The results of the aforementioned analysis can be synthesized as a model in which individual traces and ichnoassociations are framed within a paleoenvironmental setting. Toward this aim, topological patterns provide the constraints for reconstituting the spatial and environmental relationships of both ichnoassociations and individual ichnotaxa. Interpretation of ichnological features offers a perspective on the environmental processes controlling trace distribution.

The paleoenvironmental model of the lower Permian Val Dolce Formation (Fig. 27) describes the geographical range of each ichnotaxon and its relation with the depositional environment. Similarly, the paleoenvironmental model depicts the environmental significance of ichnoassociations and the overall organization of the ichnosite.

This model finds potential application for understanding the paleoenvironment from the field occurrence of trace fossils. However, we might question whether the paleoenvironmental model is coherent.

In order to answer this question, the model is tested against source data. More specifically, the idea is to describe the model (Fig. 27) as an ichnonetwork (model ichnonetwork) and compare it to the Pian di Lanza ichnonetwork. The process for describing the model as an ichnonetwork consists of representing ichnotaxa as nodes and drawing a link between those ichnotaxa that are interpreted to have overlapping environmental ranges. Figure 28A shows the interpreted geographical ranges (corresponding to those shown in Fig. 27) from which the model ichnonetwork (Fig. 28B) is derived.

This process is conceptually analogous to the process of drawing an ichnonetwork from neoichnological data (Baucon and Felletti, 2013b), with the sole exception that links of the model ichnonetwork are unweighted. Ichnotaxa with overlapping environmental ranges are associated, and, in an ichnonetwork perspective, associated ichnotaxa are nodes connected by a link. In order to compare the model ichnonetwork with the Pian di Lanza ichnonetwork, the numbers of nodes and links are considered. In addition, the following network metrics are considered (Table 3).

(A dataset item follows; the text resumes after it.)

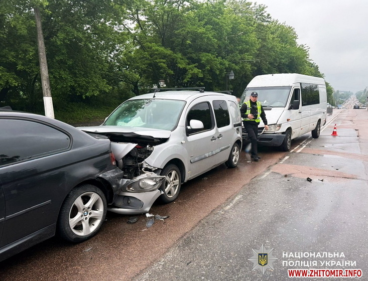 «На місці події працювала слідчо-оперативна група Житомирського районного управління поліції №1. Попередньо, сталося зіткнення між мікроавтобусом «Mercedes-Benz» та легковиком тієї ж марки, що рухалися в попутному напрямку. Унаслідок удару легковик за інерцією зіткнувся з автомобілем «ВМW», який знаходився попереду», - розповіли правоохоронці.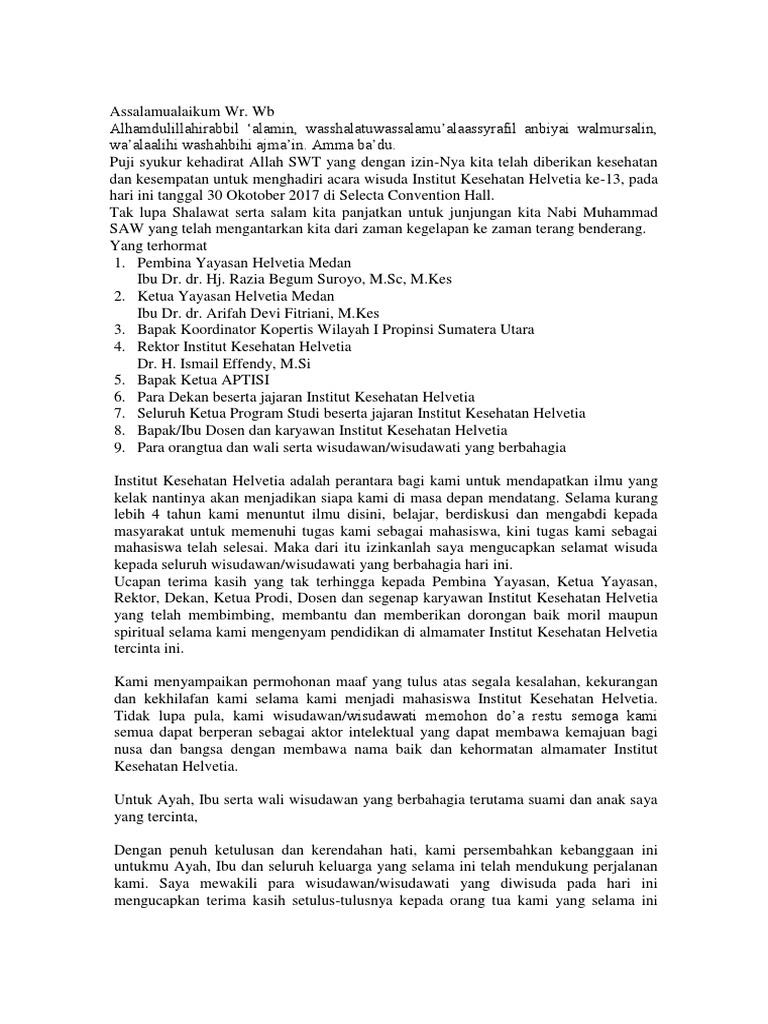 Kepada orang tua orang tua asuh donatur penyedia beasiswa dan keluarga wisudawan saya turut bersyukur berbahagia dan sekali lagi mengucapkan selamat atas keberhasilan mereka. Pemerintah aceh pada 30 april 2013 di banda aceh. Bapak ibu wali dan orang tua siswa smpn3 sidayu yang dirahmati allah. Pada wisuda universitas islam sultan agung semarang ke 40.

Network density is the ratio of the number of links present in a network to the maximum possible. Network density goes from 0 (no links being present) to 1 (all possible links being present; Wassermann and Faust, 1994).

Network diameter is the maximum shortest path length of the network (Boccaletti et al., 2006).

Average path length (also known as average shortest path length or characteristic path length) is the mean of geodesic lengths over all couples of nodes (Boccaletti et al., 2006).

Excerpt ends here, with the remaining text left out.